Mereka berjoget bersama dalam iringan komposisi musik berjudul Bajoget karya Susandra Jaya. Luapan
kegembiraan ini seakan perayaan atas perjalanan empat bagian dari komposisi
musik Piaman dalam Ritme yang
dimainkan Susandra bersama kelompoknya, Jumat (20/4/2012) malam itu.
Para penonton
meminta Susandra Jaya mengulangi komposisi bagian terakhir ini agar bisa ikut
berjoget bersama-sama. Seakan ikut memaknai pepatah berakit-rakit ke hulu, berenang-renang ke tepian, bersakit-sakit
dahulu, bersenang-senang kemudian, yang menjadi dasar penciptaan bagian
keempat tersebut. Karya ini menyiratkan sebuah akhir bahagia dari kekhawatiran
beratnya perjuangan hidup berumahtangga. Suasana gembira dan suka cita itu
diungkapkan dengan materi musikal riang melalui instrumen pupuik rabunian, gandang katindik, yang bersumber dari musik
tradisi Katumbak Pariaman.
Komposisi Piaman dalam Ritme ini merupakan siklus
hidup rang sumando atau lelaki di
Pariaman. Di mulai dari masa kecil dengan judul karya Buai Anak. Bagian ini merefleksikan proses pendewasaan anak dalam
didikan orangtua. Maka dihadirkanlah suasana yang tenang dengan melodi-melodi
yang mengalun dan kadang-kadang riang.
Kemudian, sebagai
klimaks dari komposisi Piaman dalam Ritme
ini, Ratok Rang Sumando. Di bagian
ini menonjolkan emosi rang sumando dalam menghadapi konflik rumahtangga.

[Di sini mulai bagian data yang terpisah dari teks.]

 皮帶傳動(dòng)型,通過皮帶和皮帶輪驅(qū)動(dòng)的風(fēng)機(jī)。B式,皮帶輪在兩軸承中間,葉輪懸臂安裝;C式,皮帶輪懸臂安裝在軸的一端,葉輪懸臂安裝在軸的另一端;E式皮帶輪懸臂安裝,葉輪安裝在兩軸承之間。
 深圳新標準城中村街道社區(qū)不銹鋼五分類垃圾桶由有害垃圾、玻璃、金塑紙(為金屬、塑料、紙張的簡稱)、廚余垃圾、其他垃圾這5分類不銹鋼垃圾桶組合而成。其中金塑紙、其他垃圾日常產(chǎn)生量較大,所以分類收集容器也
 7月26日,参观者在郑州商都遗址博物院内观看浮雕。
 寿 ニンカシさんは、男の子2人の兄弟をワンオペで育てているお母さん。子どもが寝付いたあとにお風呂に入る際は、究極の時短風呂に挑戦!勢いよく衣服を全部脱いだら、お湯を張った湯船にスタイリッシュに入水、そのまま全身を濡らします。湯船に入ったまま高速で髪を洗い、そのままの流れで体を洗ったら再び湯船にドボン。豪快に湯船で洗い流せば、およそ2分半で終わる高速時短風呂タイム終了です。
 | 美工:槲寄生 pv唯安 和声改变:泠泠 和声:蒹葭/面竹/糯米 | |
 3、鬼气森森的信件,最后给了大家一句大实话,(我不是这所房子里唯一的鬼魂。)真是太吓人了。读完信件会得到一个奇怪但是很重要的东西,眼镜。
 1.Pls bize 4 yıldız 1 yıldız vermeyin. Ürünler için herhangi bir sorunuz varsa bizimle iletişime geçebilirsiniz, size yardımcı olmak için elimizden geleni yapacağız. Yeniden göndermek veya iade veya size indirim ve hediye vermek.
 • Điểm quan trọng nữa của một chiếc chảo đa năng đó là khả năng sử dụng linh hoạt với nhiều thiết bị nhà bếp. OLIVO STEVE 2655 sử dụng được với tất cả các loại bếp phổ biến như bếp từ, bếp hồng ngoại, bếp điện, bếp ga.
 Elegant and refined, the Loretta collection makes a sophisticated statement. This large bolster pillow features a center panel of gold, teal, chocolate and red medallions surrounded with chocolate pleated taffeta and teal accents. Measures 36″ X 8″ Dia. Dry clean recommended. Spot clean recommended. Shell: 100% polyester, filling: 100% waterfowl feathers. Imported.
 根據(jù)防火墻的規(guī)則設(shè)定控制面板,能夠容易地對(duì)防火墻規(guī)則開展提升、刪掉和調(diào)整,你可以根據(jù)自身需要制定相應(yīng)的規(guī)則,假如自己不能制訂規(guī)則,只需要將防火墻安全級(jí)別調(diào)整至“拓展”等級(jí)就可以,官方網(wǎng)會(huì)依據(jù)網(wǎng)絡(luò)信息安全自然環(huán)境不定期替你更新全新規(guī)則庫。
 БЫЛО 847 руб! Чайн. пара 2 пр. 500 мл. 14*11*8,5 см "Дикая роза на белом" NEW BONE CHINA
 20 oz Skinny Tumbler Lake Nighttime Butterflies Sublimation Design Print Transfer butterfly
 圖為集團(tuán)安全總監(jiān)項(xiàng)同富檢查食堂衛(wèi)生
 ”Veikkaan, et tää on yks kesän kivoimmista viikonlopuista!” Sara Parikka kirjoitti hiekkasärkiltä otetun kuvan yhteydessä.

Apalagi ditautkan dengan tradisi bajapuik
tadi, yang menimbulkan konflik batin tersendiri bagi laki-laki Minangkabau.
Menjadi seorang suami yang baik memang sulit terutama di masa-masa awal
perkawinan. Rasa kesedihan, emosi dan ratapan ini diungkapkan dengan melodi
sarunai, vokal, dan pupuik rabunian dalam mengekspresikan ratapan rang sumando.
Komposisi Piaman dalam Ritme seperti gugatan atau
pemberontakan sang komposer terhadap tradisi
bajapuik di Pariaman, yang dihadirkan dalam warna bunyi dalam bentuk
melodis, ritmis, olahan vokal, serta tingkah laku atau ekspresi yang
berkarakter dan bervariasi. Di sini, lelaki kelahiran Limaupurut Padangpariaman
itu, bersama kelompoknya, Emri, Hafif HR, Bustanul Arifin, Leva Khudri Balti,
Rismelya Fitri, Lidya Triana, Shofwan, Agung Hero Hernanda, dan Agung Perdana,
mengeksplorasi beberapa musik dan dendang tradisi di Pariaman. Kemudian, yang tak
kalah menariknya, sebagai orang Pariaman, ia mampu mengadaptasi kenakalan-kenakalan
atau cimeeh urang Piaman dalam
musiknya. Sehingga menjadi sebuah tontonan yang mengasyikkan.
Diskusi Salah Arah
Selesai pementasan,
penyelenggara pertunjukan membuka ruang diskusi sebagai apresiasi dan
interpretasi atas karya Susandra Jaya tersebut. Sayangnya, diskusi itu salah
arah. Diskusi yang seharusnya berbicara tentang musik karya Susandra Jaya,
melenceng menjadi diskusi soal tradisi kawin
bajapuik di Pariaman.
Hal ini dipicu
setelah Susandra Jaya membentangkan maksud penciptaan karyanya itu. Sesuatu
yang seharusnya tidak dilakukan Susan. Akan lebih baik kalau ia diam saja saat
itu, sehingga memunculkan pertanyaan dan interpretasi penonton tentang
komposisi yang dibuatnya. Kalau saja itu dilakukannya, mungkin diskusi akan
cukup menarik diikuti.
Namun, kekeliruannya
itulah yang membuat pembicaran mengenai pertunjukan musik hilang, karena orang
sibuk bicara tentang kawin bajapuik. Tidak
ada satu pun penonton atau peserta diskusi yang berbicara dalam bentuk analisis
atau interpretasi lain mengenai komposisi musik yang baru mereka lihat dan
dengarkan itu. Bahkan, salah seorang wakil rakyat yang turut dalam diskusi itu
ikut nimbrung berbicara, yang ingin menghapuskan tradisi bajapuik ini.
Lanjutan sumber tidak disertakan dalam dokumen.